Outlier detection was performed by calculating z-score (Heath et al. 2010a, b) values according to Eq. 2,

$$ z = \frac{\chi_{\mathrm{lab}}-{\chi}_0\ }{\sigma_0} $$
(2)

where χ lab is the laboratory mean (classical approach) or median (robust approach), χ 0 is the known spiked concentration or, if unknown, as in sample B, is the average concentration measured by the participating laboratories and σ 0 is the standard deviation. Samples with z-values higher than 3 were excluded from further statistical analysis. For suspected outliers, i.e. those whose z-score values were between 2.0 ≤ │z│ ≤ 3.0, a further Dixon test or Q test was applied (α = 0.05) (Heath et al. 2010b). The equation for the Q test (Heath et al. 2010b) is as follows (Eq. 3):

$$ Q=\frac{\mathrm{gap}}{\mathrm{range}\ } $$
(3)

Gap is the absolute difference between the suspected outlier and its closest value when arranged in increasing order of concentration, and the range is the difference between highest and lowest value. When Q exp is greater than Q tab (a reference value corresponding to the sample size and confidence level or α = 0.05), then this value is referred as an outlier.
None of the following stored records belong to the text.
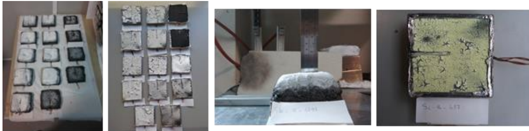
Figure 1: Coated steel plates before and after accelerated aging, with fixed thermocouples. Tested samples at 35 and at 75 KW.m -2 .

The temperature variation of different samples before and after aging test for a radiant heat flux of 75 [KW/m 2 ] and thickness of steel plates ds=14 [mm] are shown in Figure 2 and Figure 3, respectively.
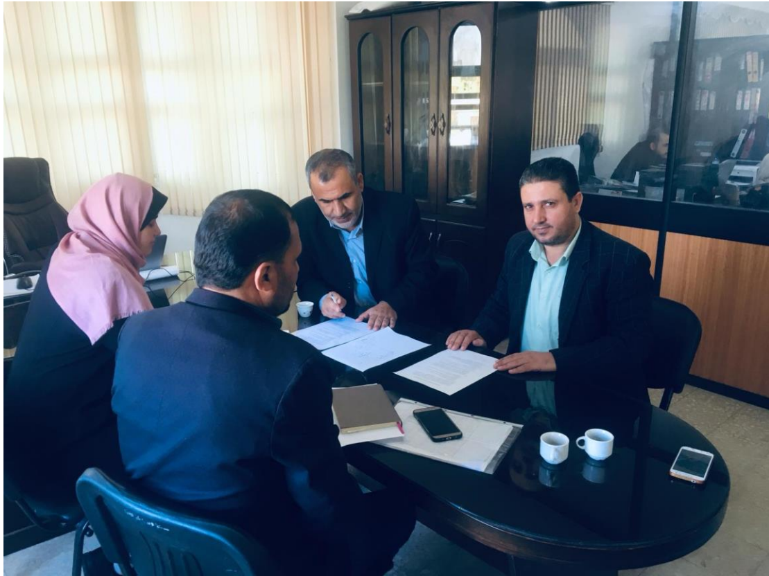
Meeting with Beit Hanoun Municipality
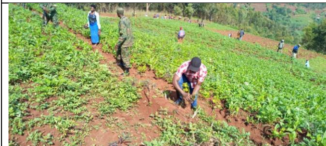
The trees planted in the community work

The opening day of tree distribution and planting took place at Nzahaha tree nursery site. The community work was attended by local leaders, soldiers and farmers. The farmers were mobilized to make sure that trees planted are well secured and followed up so that all trees should survive and grow up in good condition.
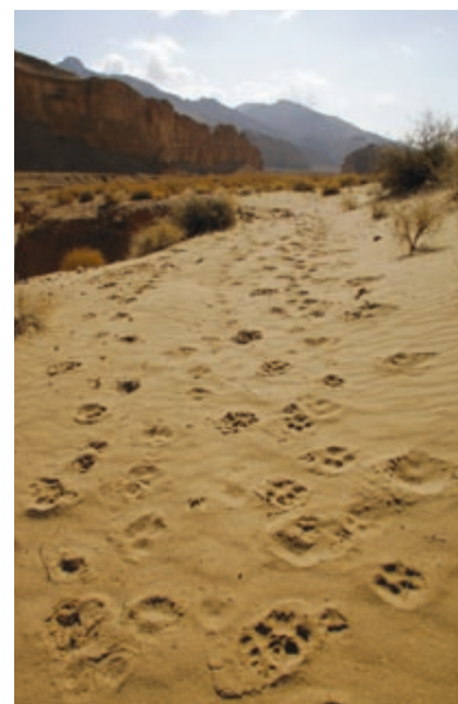
Fig 2. Game trail with cheetah tracks. Wildlife thoroughfares such as this were targeted for the setting of foot-snares.

7. To investigate the inter-relationships of Asiatic cheetahs with leopards, striped hyenas, wolves, caracals and golden jackals. By collaring individuals of each species, we aim to quantify the degree of overlap in habitat use and diet between them, and attempt to investigate the extent of competition over food resources. We will also attempt to assess whether predation of adult and juvenile cheetahs by other carnivores takes place.
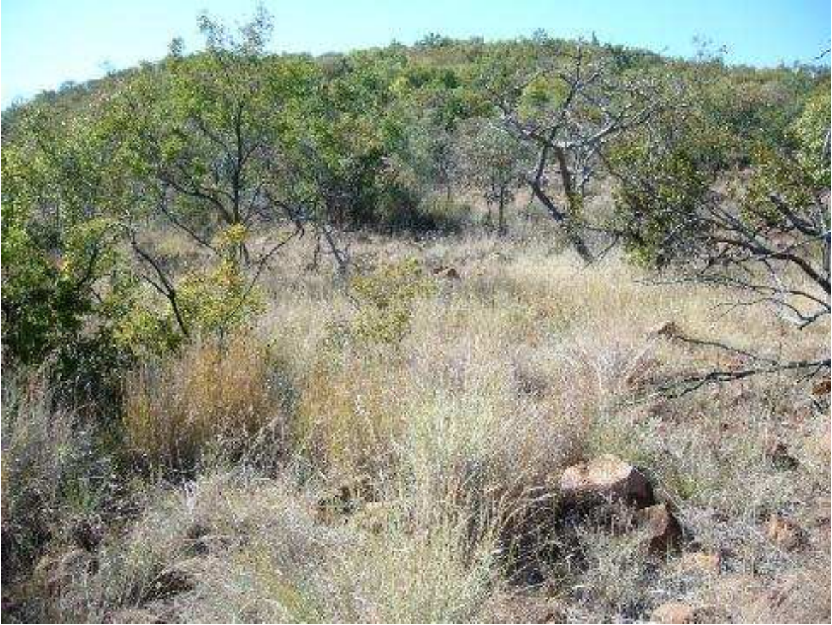
Fig 1. General view of the terrain and vegetation.
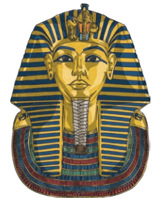
Tutankhamun's death mask

The discovery helped people to understand more about the Egyptians pharaohs .
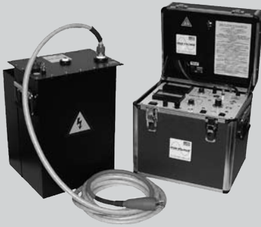
PTS-130 Model (0-130 kVdc, 10mA)
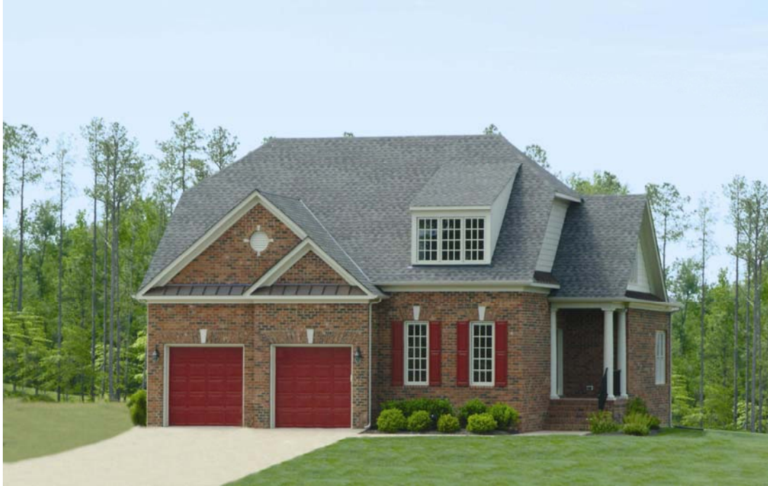
ELEVATION "C" SHOWN
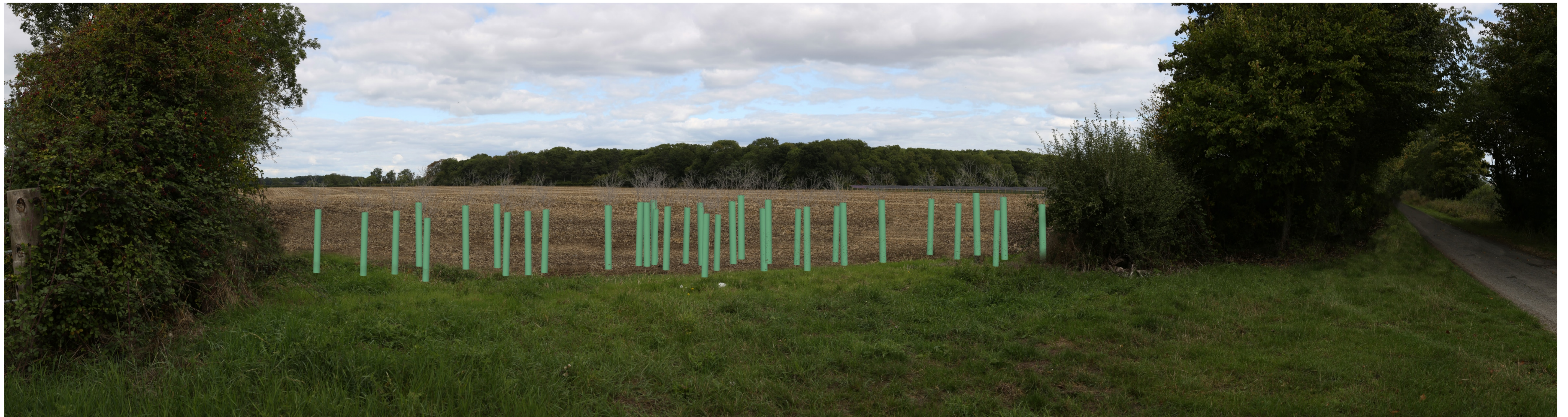
Proposed View Year 1 Distance to Nearest Order Limits 0m
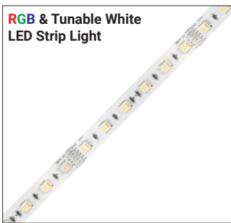
Series-LB4000-RGBTWH | 220lm/ft - 3.7W/ft Indoor Strip Light Width / 0.47"/12mm 18 LEDs/FT
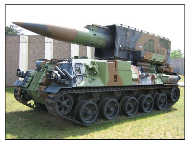
The AMX-30/Pluton displayed at Oberhoffen-sur-Moder (France).

The limited range of the missile did not allow for strikes into Warsaw Pact territory and it could only be against advancing used formations in West Germany. This was a hotly debated issue and from the German point of view seen as highly controversial. For this reason France began work on a follow-on missile called Hadès, which was to have considerably longer range and thus could be used to strike targets inside Warsaw Pact territory from
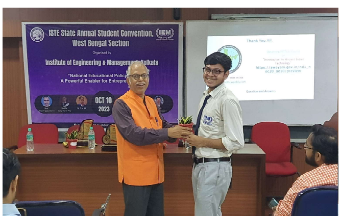
Distribution of Certificates by the dignitaries to the students
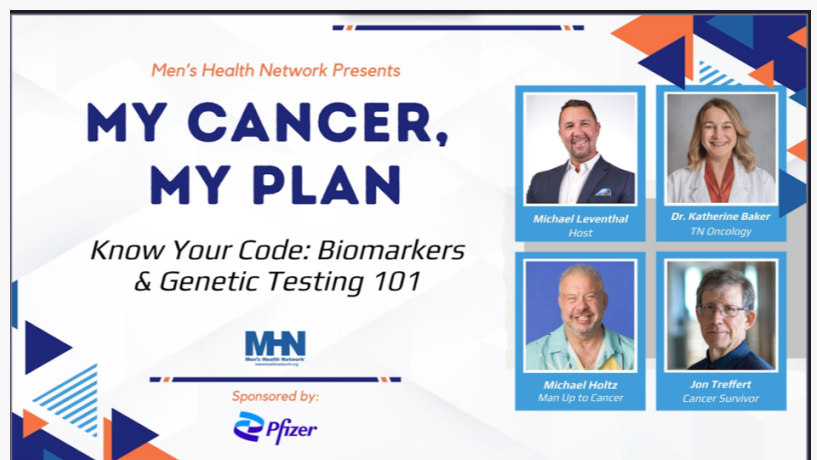
Episode two of "My Cancer, My Plan" Podcast
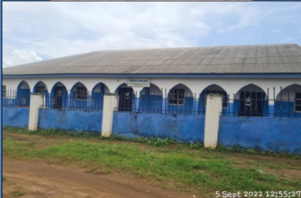
NAME: SHAMSUL HUDA SOCIETY OF NIGERIA CENTRAL MOSQUE ADDRESS: IJAKO, TEMU, EPE DEFECTS: NIL
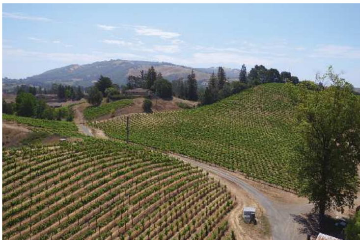
Sonoma Coast AVA Vineyard and Estate Winery $5,495,000
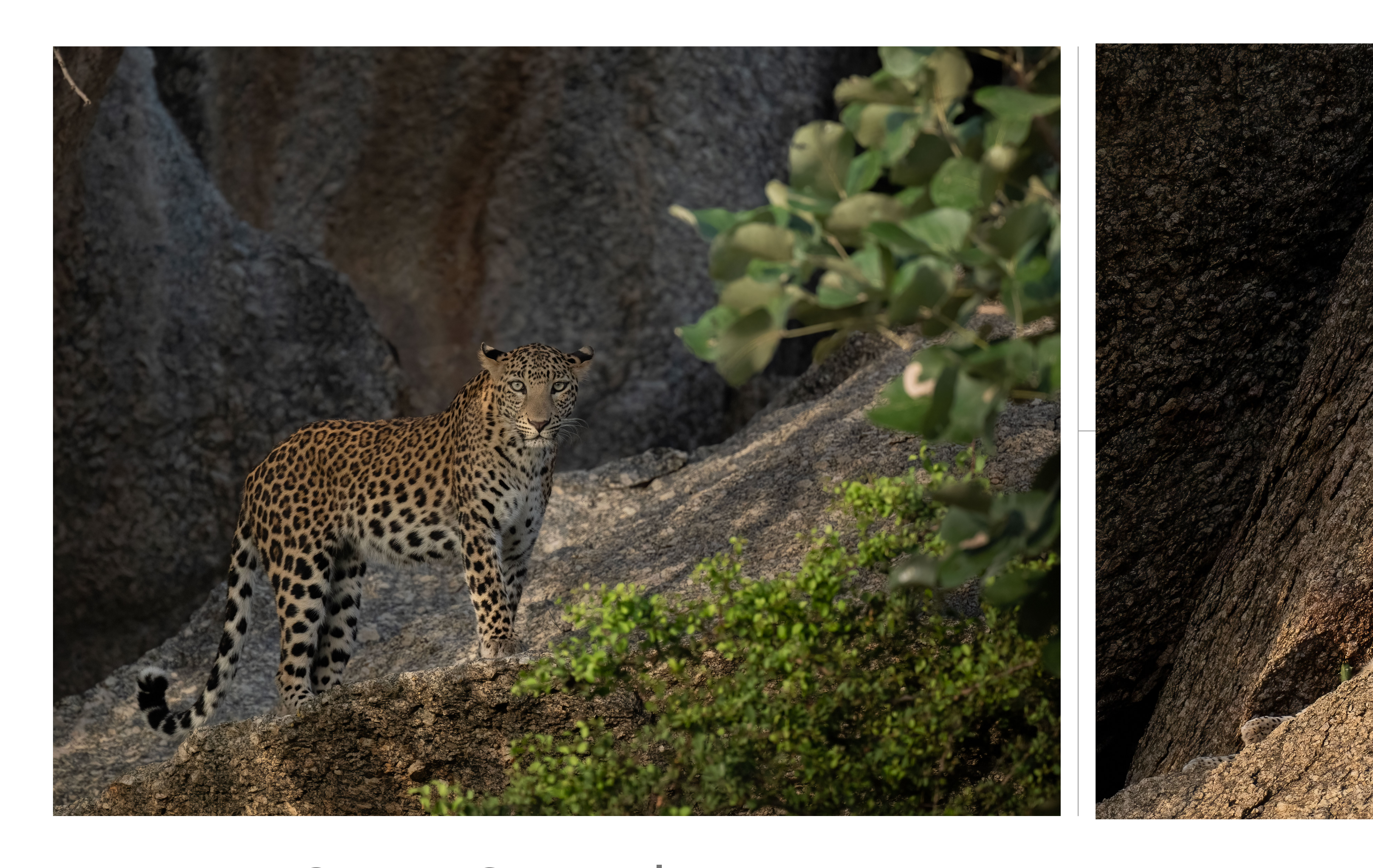
JAWAI: LEOPARD SAFARI | FEBRUARY 2024
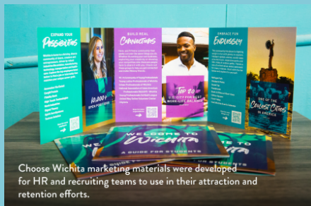
Choose Wichita marketing materials were developed for HR and recruiting teams to use in their attraction and retention efforts.
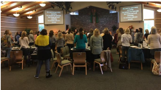
A large gathering of ladies at the Wednesday Mercy study
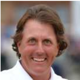
USA MICKELSON, Phil
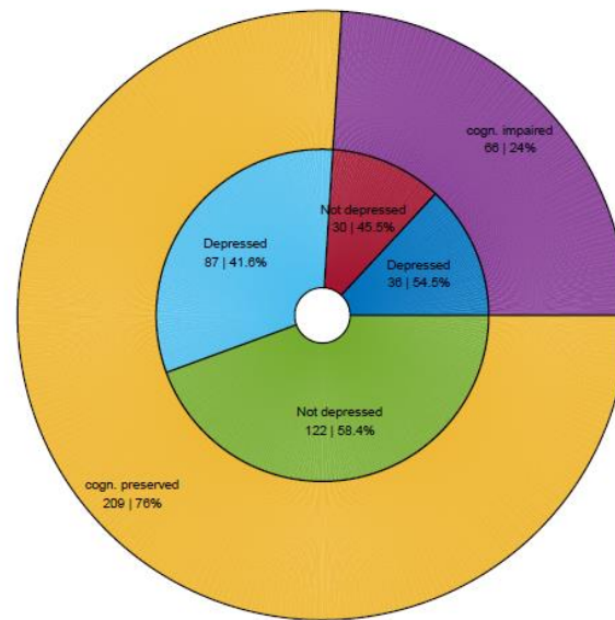
Figure 2: Composite measure of impairment in the total population.
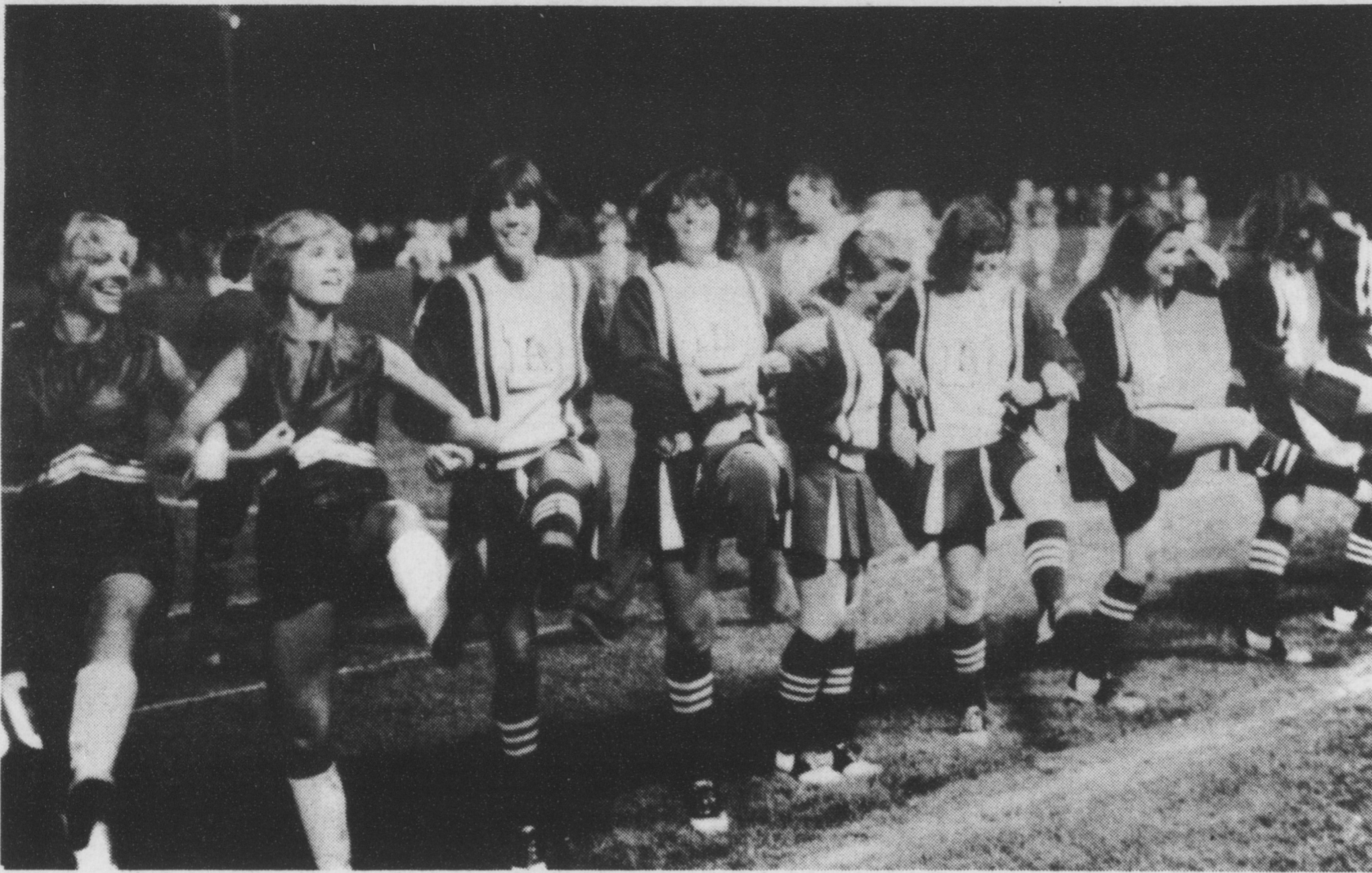
Cheerleaders and majorettes react to a touchdown
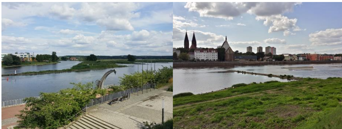
Odra River in Słubice.
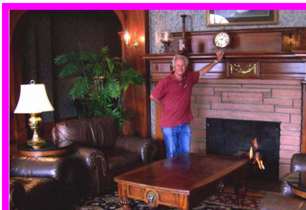
The Stanley's beautiful lobby and fireplace

The following statistical parameters were calculated for each series of samples (A, B, C and D) and each compound:

  • Mean and median values;

  • 95 % confidence intervals;

  • Variances (σ 2);

  • Standard deviations (σ);

  • Relative standard deviation (RSD);

  • Standard errors of mean (SEM);

  • Minimum and maximum values and first and third quartiles (25P and 75P);

  • Number of outliers, upper and lower warning limits (UWL and LWL); and

  • Repeatability (r) and reproducibility (R), where both r and R were determined in terms of relative standard deviation or coefficient of variation (CV) and expressed as percentages (%).

The equations used to calculate the UWLs and LWLs are as follows (Eqs. 4 and 5):

$$ \mathrm{U}\mathrm{W}\mathrm{L}=\left(\overline{\chi}+2\sigma \right) $$
(4)
$$ \mathrm{L}\mathrm{W}\mathrm{L}=\left(\overline{\chi}-2\sigma \right) $$
(5)

The repeatability for each sample (A, B, C and D) and selected compound was individually determined for each participating laboratory as the CV corresponding to the ratio between the standard deviation of the laboratory’s measurement and its mean concentration value (ISO TC 69/SC 6 N 2011; Eq. 6):

$$ \mathrm{C}\mathrm{V}\left(\%\right)=100 \times \frac{\sigma_{\mathrm{lab}}\ }{\ {\chi}_{\mathrm{lab}}} $$
(6)

The reproducibility was determined as the CV, where the ratio between the standard deviation of all laboratories and the average value of all laboratories were calculated for each compound and sample (ISO TC 69/SC 6 N 2011). All statistical evaluation was performed using MedCalc Software and Excel 2010.

Results and discussion

The stability of CP, IF, 5-FU, GEM, ETO and MTX in HPLC grade water and wastewater samples has been studied by both Ferrando-Climent et al. (2013) and Negreira et al. (2014b)). Their results reveal that these compounds are stable for at least 1 month at −20 °C even in wastewater. Furthermore, the authors (2013) found that CP, IF and MTX were stable for 3 months when stored at −20 °C on SPE Oasis HLB cartridges. Despite this, we requested that the participating laboratories extract their samples within 1 week. Eight laboratories managed to extract the samples within 1–3 days, while laboratory 9 reported a 5-month delay when analysing 5-FU. Unfortunately, samples shipped overseas were destroyed at customs. Sample homogeneity was evaluated using the chi-square test (Eq. 1). The experimental values of χ 2 exp were lower than χ 2 tab (α = 0.05) for each sample type and selected compounds (CP, IF and MTX, (Hund et al. 2000); ISO 13528 2009) proving that the samples were homogeneous (data not shown).

In total, 266 data were received of which 219 were used for statistical evaluation. The low number of laboratories analysing certain compounds (e.g. only two laboratories submitted results for 5-FU and GEM, while for cis-Pt, only one laboratory submitted results that were above the LOD in all matrices) meant that it was not possible to use all the data. Table 3 lists the concentrations reported and the average and standard deviation values for GEM and 5-FU, while the results for CP, IF, MTX and ETO together with their corresponding statistical evaluation by classical and robust approaches are presented in SM Table S10 and Table S11, respectively. To take into account the most probable scenario, when the concentrations of analytes of interest were reported to be below LOQ, a value equivalent to half the reported LOQ was used for the evaluation (European Food Safety Authority 2010).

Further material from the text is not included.